Exercise
Retype every line of the data below, starting with the first and ending with the line that contains "Blusa de verano", but leave out the pictures.

Information shown

------------------------------------

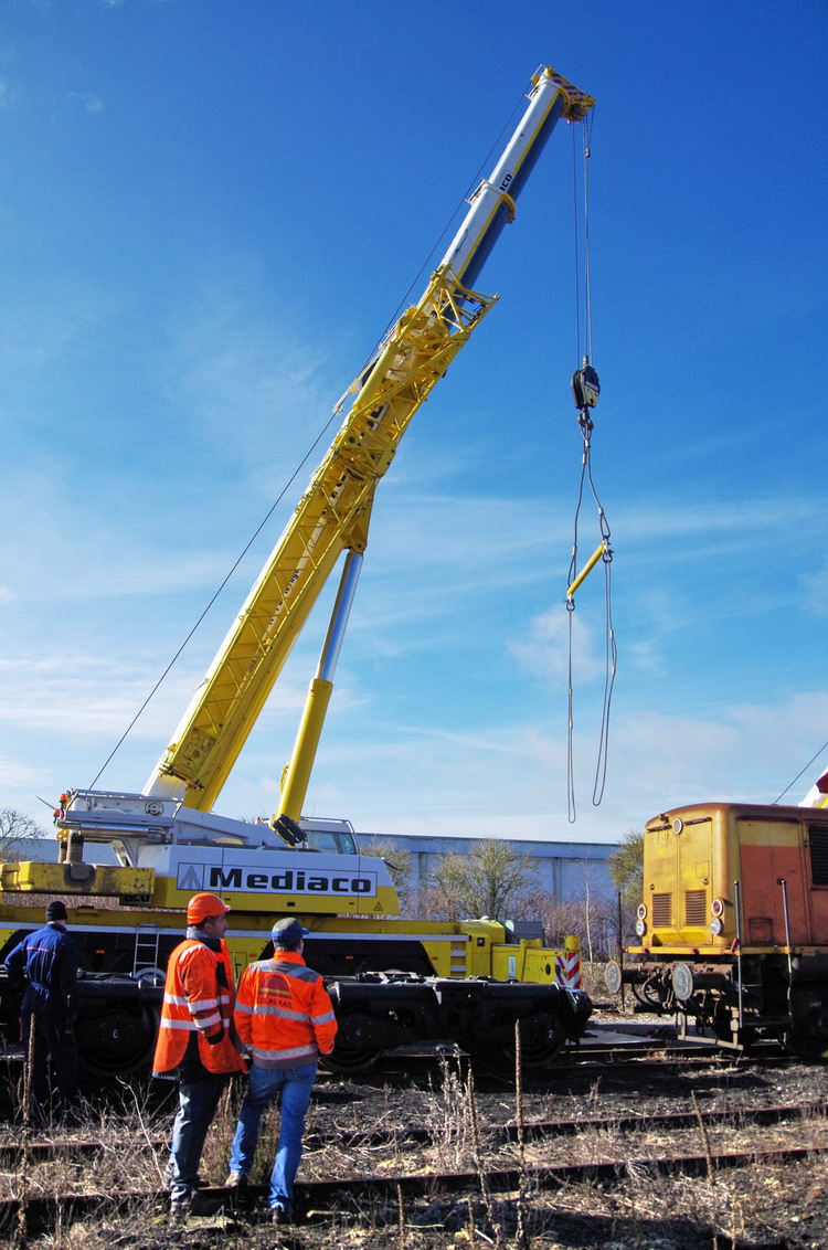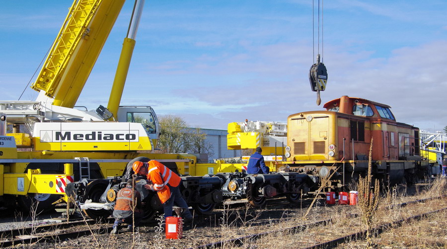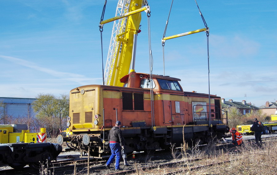 - une grue mobile LIEBHERR LTM 1100-4 de 100T pour le levage de la machine à Chaulnes le 06-03-2018
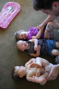 Probably the best part for Isabelle was having Madilyn around 24/7. When she woke up in the morning, we’d pick her up and she’d say “DOWN.” And point to Madilyn’s room. This is Isabelle’s first ponytail and matching hair bow. It lasted all of about ten minutes.
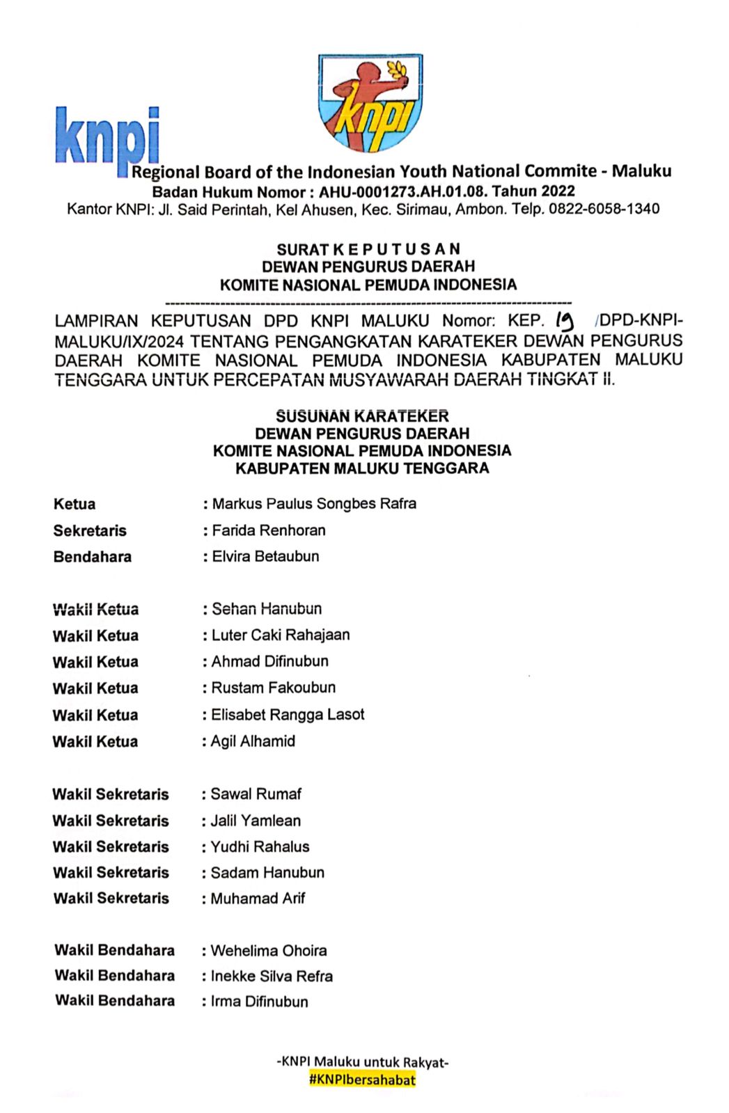 Markus Rafra, yang akrab disapa Pablo, menyampaikan bahwa dirinya telah menerima Surat Keputusan (SK) penetapan kepengurusan dari Dewan Pengurus Daerah (DPD) KNPI Provinsi Maluku.
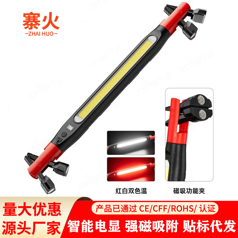 led手电筒户外强光超亮长续航多功能COB应急维修工作灯带挂钩夹子
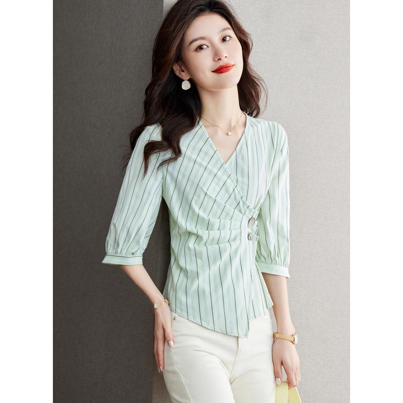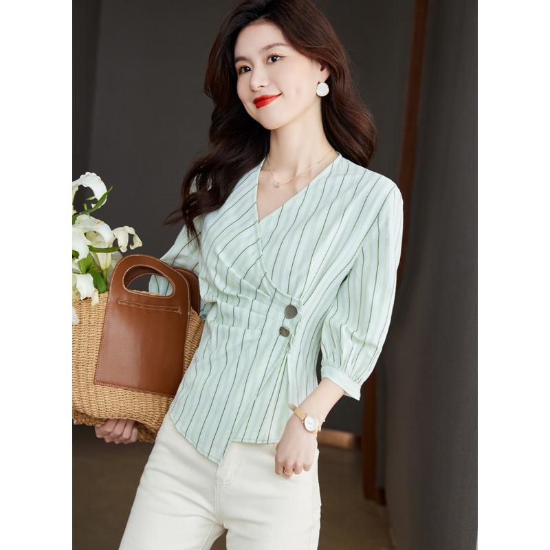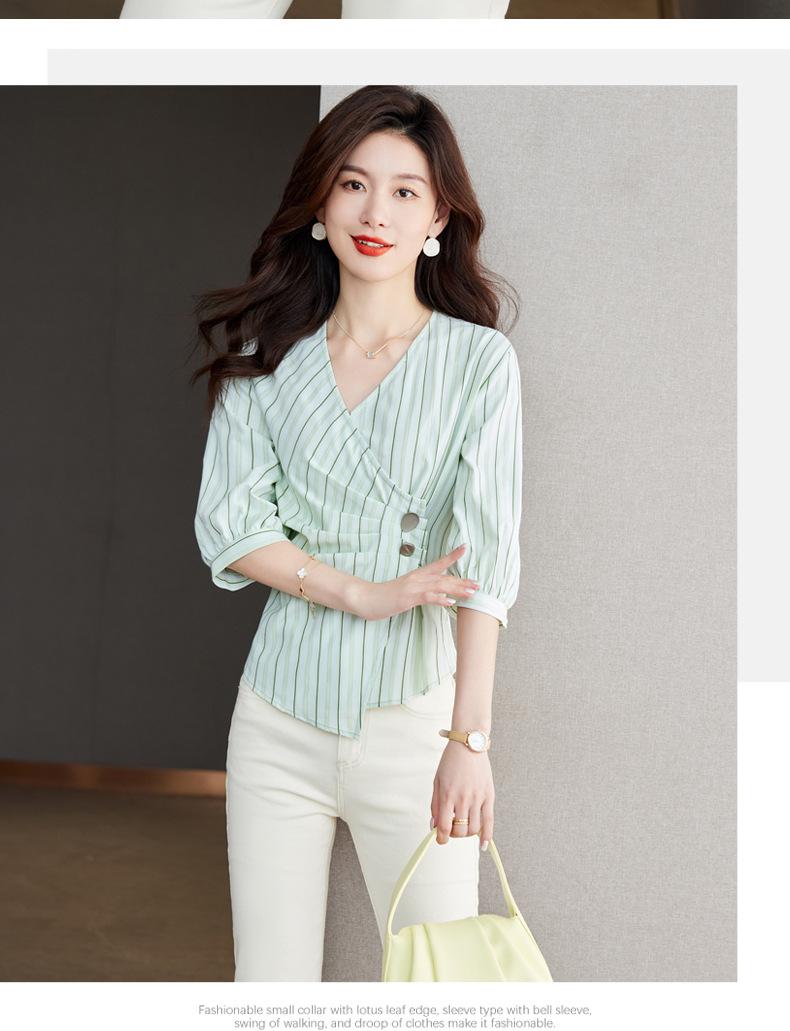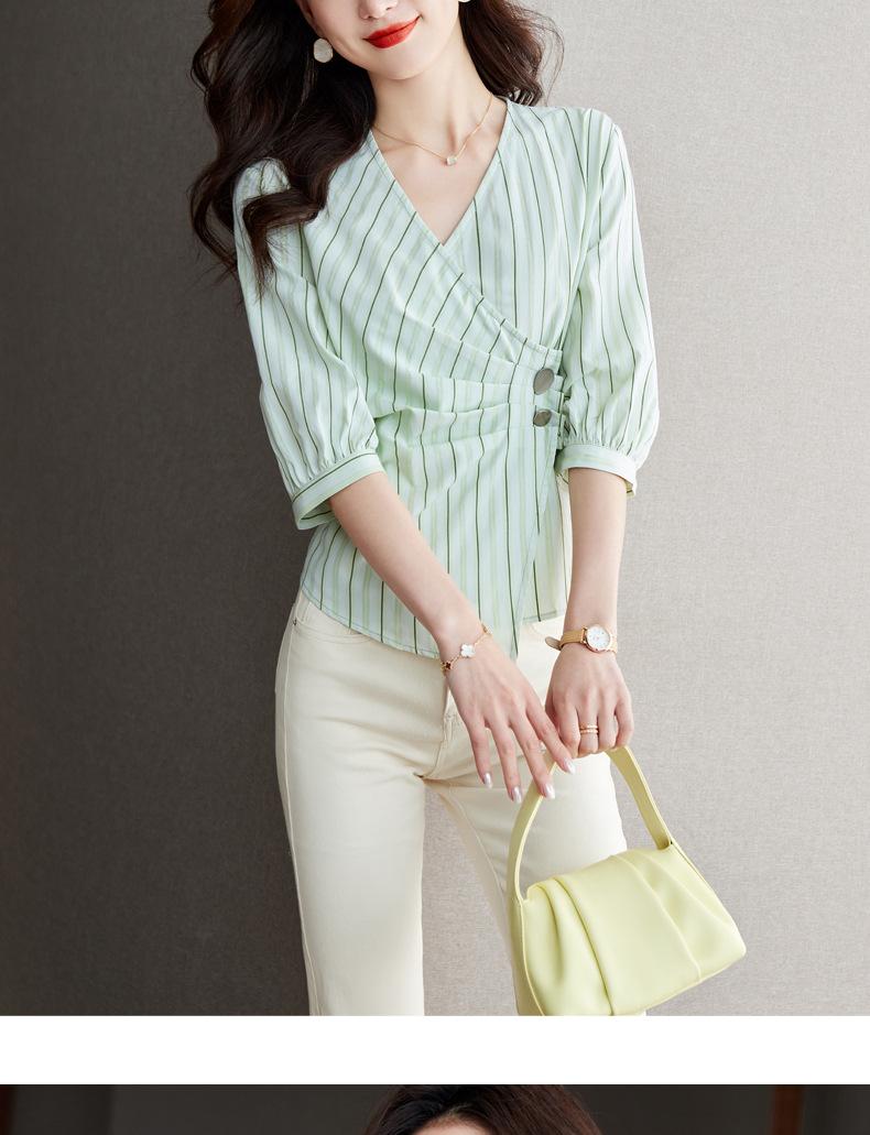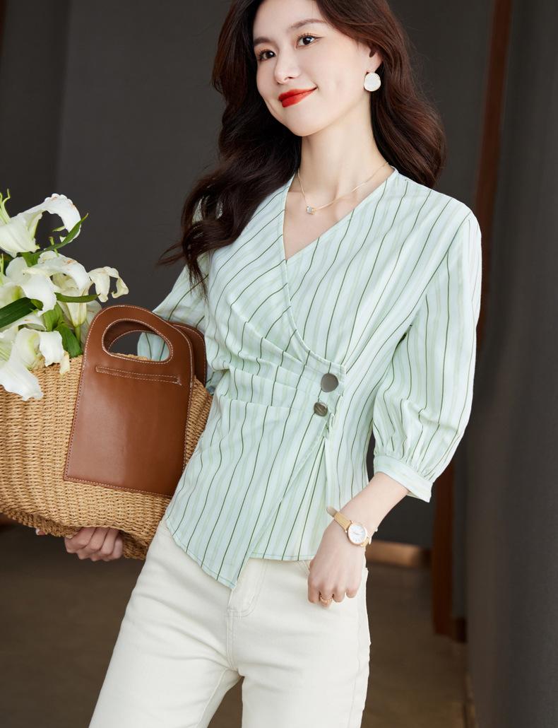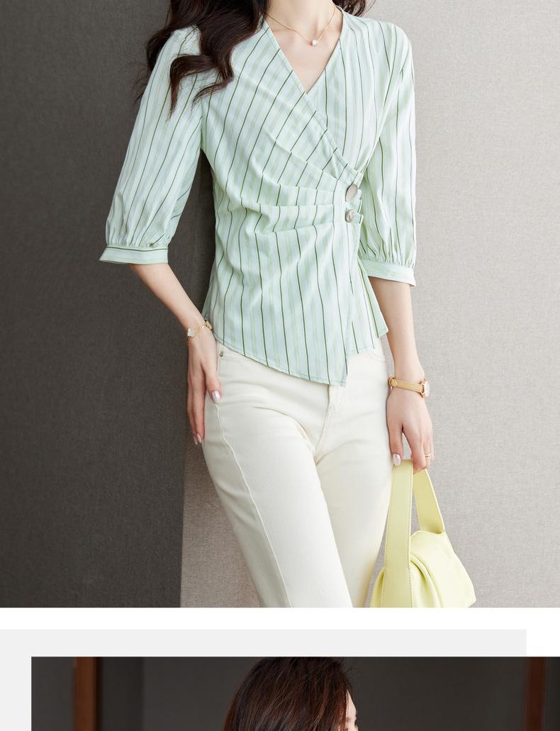 Blusa de verano con cuello en V y rayas, cuello en V, top de tela femenino
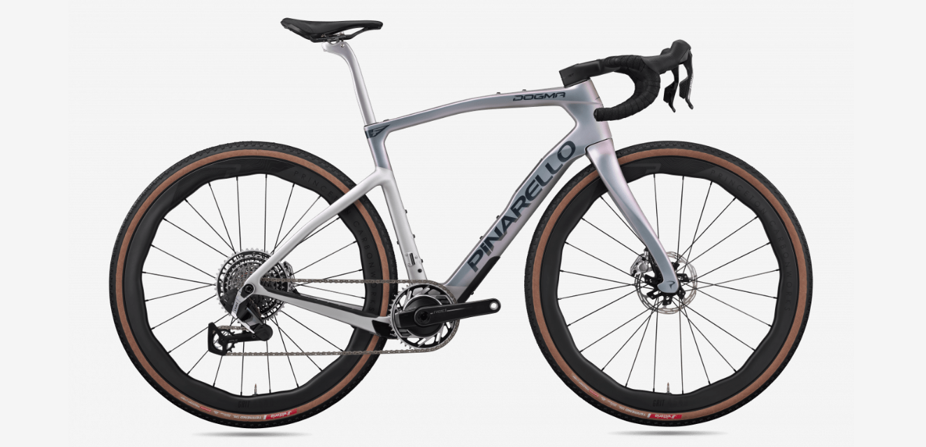 “End of Excuses. The Dogma GR carries that unmistakable Pinarello silhouette into gravel with lightweight carbon and race-tuned stiffness. It responds instantly when you surge and feels laser-precise at pace. Bold lines. Serious intent.”

------------------------------------

Expected answer
 - une grue mobile LIEBHERR LTM 1100-4 de 100T pour le levage de la machine à Chaulnes le 06-03-2018
 Probably the best part for Isabelle was having Madilyn around 24/7. When she woke up in the morning, we’d pick her up and she’d say “DOWN.” And point to Madilyn’s room. This is Isabelle’s first ponytail and matching hair bow. It lasted all of about ten minutes.
 Markus Rafra, yang akrab disapa Pablo, menyampaikan bahwa dirinya telah menerima Surat Keputusan (SK) penetapan kepengurusan dari Dewan Pengurus Daerah (DPD) KNPI Provinsi Maluku.
 led手电筒户外强光超亮长续航多功能COB应急维修工作灯带挂钩夹子
 Blusa de verano con cuello en V y rayas, cuello en V, top de tela femenino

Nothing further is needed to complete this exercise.